- Born: Lahore, Pakistan
- Education: MS in Journalism
- Occupation(s): filmmaker, animation, artist, Communications Specialist, Digital content, Producer, director, columnist and journalist
- Years active: 1992–present
- Notable work: Zinda Bhaag Jeewan Hathi Gardaab
- Spouse: Meenu Gaur

= Mazhar Zaidi =

British Pakistani film producer, artist, journalist, columnist and documentary director

Mazhar Zaidi is a British-Pakistani film producer, artist, journalist, columnist and documentary director. He has produced several issue-based documentaries and campaigns. He has developed, managed and delivered large international projects on CVE and produced digital campaigns on rights based issues for leading international non-governmental organisations including UKAid, IRC, CWS, creative Associates and Asia Foundation. He is best known for producing the 2013 Pakistani film Zinda Bhaag, which earned him international recognition and accolades and became the country's first entry to Academy Awards after a gap of over 50 years. The film also won many international awards. One of his films Gardaab which was set in extremist violence prone neighbourhoods of Karachi, screened at London Indian Film Festival in June 2017 and Jeewan Hathi was screened at Locarno Film Festival in Switzerland in August 2017. He along with his partners Meenu Gaur and Farjad Nabi also recently curated an art exhibition titled Art SabKa focussing on contemporary art inspired by Pakistani Cinema.

==Career==

===As a journalist, filmmaker and documentary maker===
Before starting to make feature films, Zaidi was a well known journalist and producer at BBC Urdu UK. Zaidi has been working as a filmmaker/journalist for over 25 years. He served as a senior producer at BBC World in London for over 11 years and produced and directed many documentaries and programs for leading international TV networks including BBC, German TV channel, ARD, ZDF, Sky News and other independent media houses.

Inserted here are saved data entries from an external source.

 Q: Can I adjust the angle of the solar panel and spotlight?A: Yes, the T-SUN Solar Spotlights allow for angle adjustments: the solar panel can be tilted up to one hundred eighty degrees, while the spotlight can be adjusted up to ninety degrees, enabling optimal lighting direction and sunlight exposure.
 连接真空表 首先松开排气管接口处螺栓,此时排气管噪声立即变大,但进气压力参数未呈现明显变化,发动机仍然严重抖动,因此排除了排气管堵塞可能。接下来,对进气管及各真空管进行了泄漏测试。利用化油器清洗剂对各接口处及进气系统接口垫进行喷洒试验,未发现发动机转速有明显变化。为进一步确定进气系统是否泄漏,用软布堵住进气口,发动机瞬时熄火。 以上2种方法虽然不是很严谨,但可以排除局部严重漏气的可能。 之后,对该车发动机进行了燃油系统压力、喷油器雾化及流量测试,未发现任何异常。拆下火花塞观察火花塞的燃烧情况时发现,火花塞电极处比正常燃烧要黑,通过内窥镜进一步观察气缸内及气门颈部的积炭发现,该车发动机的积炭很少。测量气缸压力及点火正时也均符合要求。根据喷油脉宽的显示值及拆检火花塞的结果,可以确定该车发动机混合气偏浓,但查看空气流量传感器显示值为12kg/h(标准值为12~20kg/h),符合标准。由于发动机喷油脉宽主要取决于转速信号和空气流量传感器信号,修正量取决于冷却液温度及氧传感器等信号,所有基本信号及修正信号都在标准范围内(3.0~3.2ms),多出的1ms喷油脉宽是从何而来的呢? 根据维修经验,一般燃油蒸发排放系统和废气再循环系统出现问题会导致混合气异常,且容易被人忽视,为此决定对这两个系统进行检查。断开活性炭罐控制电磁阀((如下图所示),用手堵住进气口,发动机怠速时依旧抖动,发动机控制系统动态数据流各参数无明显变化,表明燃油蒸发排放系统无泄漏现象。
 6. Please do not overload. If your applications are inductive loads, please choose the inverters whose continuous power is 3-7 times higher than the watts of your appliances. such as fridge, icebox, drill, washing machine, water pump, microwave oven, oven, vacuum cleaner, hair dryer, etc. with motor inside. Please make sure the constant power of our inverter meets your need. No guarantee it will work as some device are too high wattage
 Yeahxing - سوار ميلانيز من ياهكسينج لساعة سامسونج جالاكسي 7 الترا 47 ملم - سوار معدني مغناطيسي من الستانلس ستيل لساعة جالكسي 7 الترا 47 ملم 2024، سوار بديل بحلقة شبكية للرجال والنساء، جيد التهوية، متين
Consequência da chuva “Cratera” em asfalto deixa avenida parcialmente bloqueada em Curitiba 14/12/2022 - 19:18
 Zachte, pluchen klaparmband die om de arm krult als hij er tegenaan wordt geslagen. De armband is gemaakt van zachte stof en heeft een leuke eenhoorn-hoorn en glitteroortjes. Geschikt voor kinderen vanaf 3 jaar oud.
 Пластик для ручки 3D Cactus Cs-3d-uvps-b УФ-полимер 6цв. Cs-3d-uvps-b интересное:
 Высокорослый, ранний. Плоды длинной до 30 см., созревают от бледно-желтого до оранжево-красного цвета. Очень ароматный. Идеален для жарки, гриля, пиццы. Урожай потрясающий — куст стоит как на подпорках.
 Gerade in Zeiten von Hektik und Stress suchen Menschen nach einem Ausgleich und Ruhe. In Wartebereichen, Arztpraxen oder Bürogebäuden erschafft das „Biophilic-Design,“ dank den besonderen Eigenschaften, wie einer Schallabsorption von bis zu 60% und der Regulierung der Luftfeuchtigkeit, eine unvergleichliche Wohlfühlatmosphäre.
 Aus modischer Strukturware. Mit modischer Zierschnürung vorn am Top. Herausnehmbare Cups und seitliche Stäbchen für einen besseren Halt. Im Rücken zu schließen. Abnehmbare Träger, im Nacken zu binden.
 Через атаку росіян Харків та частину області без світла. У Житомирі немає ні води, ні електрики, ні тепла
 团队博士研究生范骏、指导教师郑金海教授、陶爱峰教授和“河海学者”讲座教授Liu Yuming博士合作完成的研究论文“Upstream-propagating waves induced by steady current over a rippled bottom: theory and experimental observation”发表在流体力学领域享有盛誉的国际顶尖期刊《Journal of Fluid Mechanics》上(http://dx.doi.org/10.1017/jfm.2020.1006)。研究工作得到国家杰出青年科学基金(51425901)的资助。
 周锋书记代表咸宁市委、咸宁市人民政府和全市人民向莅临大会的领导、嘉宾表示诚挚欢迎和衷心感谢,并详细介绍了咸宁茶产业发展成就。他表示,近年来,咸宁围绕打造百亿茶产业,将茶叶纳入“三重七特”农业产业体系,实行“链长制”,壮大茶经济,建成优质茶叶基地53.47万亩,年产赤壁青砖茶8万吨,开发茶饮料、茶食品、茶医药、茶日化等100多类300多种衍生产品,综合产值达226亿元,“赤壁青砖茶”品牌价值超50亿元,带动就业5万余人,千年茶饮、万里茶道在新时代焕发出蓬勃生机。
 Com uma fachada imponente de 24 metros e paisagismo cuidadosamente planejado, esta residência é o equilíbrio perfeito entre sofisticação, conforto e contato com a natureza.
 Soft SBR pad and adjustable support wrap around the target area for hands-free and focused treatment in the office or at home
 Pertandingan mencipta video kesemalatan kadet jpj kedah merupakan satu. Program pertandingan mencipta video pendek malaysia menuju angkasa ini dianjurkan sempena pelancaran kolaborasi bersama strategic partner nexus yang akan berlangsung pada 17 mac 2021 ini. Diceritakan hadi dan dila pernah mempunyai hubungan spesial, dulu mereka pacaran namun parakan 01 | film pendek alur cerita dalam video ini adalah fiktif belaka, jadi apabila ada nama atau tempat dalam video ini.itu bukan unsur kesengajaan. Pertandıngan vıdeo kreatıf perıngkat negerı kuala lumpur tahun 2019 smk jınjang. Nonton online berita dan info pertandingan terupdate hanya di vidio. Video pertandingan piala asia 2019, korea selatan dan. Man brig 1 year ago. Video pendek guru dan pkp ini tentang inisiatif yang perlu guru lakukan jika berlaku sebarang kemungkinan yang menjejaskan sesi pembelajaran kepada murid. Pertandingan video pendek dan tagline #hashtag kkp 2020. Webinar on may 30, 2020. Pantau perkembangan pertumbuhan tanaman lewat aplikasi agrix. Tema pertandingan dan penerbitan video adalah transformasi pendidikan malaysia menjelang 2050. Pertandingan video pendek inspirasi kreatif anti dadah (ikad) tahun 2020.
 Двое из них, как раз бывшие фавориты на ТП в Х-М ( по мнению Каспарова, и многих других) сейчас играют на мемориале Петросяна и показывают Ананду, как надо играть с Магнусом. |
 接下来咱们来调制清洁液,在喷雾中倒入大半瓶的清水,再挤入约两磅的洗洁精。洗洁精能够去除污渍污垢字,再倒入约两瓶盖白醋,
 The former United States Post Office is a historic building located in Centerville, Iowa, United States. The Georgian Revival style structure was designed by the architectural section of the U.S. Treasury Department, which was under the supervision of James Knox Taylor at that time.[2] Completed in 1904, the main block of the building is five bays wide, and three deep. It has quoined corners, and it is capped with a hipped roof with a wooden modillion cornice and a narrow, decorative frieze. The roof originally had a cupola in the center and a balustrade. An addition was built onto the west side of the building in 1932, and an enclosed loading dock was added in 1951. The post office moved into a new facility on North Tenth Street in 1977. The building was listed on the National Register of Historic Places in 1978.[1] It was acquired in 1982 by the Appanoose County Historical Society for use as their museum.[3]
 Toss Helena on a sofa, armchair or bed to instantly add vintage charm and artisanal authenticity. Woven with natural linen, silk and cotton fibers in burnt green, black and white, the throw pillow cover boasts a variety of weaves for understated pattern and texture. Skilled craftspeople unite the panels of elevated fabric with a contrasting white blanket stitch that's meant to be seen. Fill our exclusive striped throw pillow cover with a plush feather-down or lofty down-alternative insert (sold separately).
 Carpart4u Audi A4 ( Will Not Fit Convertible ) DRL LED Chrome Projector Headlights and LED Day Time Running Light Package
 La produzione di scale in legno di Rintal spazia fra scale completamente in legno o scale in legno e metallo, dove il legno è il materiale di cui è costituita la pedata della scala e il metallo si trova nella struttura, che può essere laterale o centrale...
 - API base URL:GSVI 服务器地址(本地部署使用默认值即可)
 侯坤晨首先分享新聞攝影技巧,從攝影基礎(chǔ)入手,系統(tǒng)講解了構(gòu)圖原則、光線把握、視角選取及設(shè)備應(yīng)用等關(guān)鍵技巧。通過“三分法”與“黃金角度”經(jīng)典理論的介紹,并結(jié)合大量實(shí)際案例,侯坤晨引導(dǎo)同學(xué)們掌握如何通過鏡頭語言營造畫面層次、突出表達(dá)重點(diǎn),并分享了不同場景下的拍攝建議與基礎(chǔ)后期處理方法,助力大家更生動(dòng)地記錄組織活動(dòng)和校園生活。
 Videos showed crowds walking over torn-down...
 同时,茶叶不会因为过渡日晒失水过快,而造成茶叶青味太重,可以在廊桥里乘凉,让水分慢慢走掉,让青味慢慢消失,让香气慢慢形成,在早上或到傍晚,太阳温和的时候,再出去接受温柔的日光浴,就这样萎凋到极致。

In 2006, he launched a project with BBC Urdu online and a group of community based filmmakers working with the NGO Interactive Resource Center (IRC) in Pakistan. The successful project produced more than 16 short documentaries, shot and directed by young filmmakers from small towns across Pakistan.

As a filmmaker and independent documentary maker Zaidi has been involved in a number of documentary projects that screened at international film festivals awhile his projects were broadcast by international channels including, BBC Four, ARD and ZDF.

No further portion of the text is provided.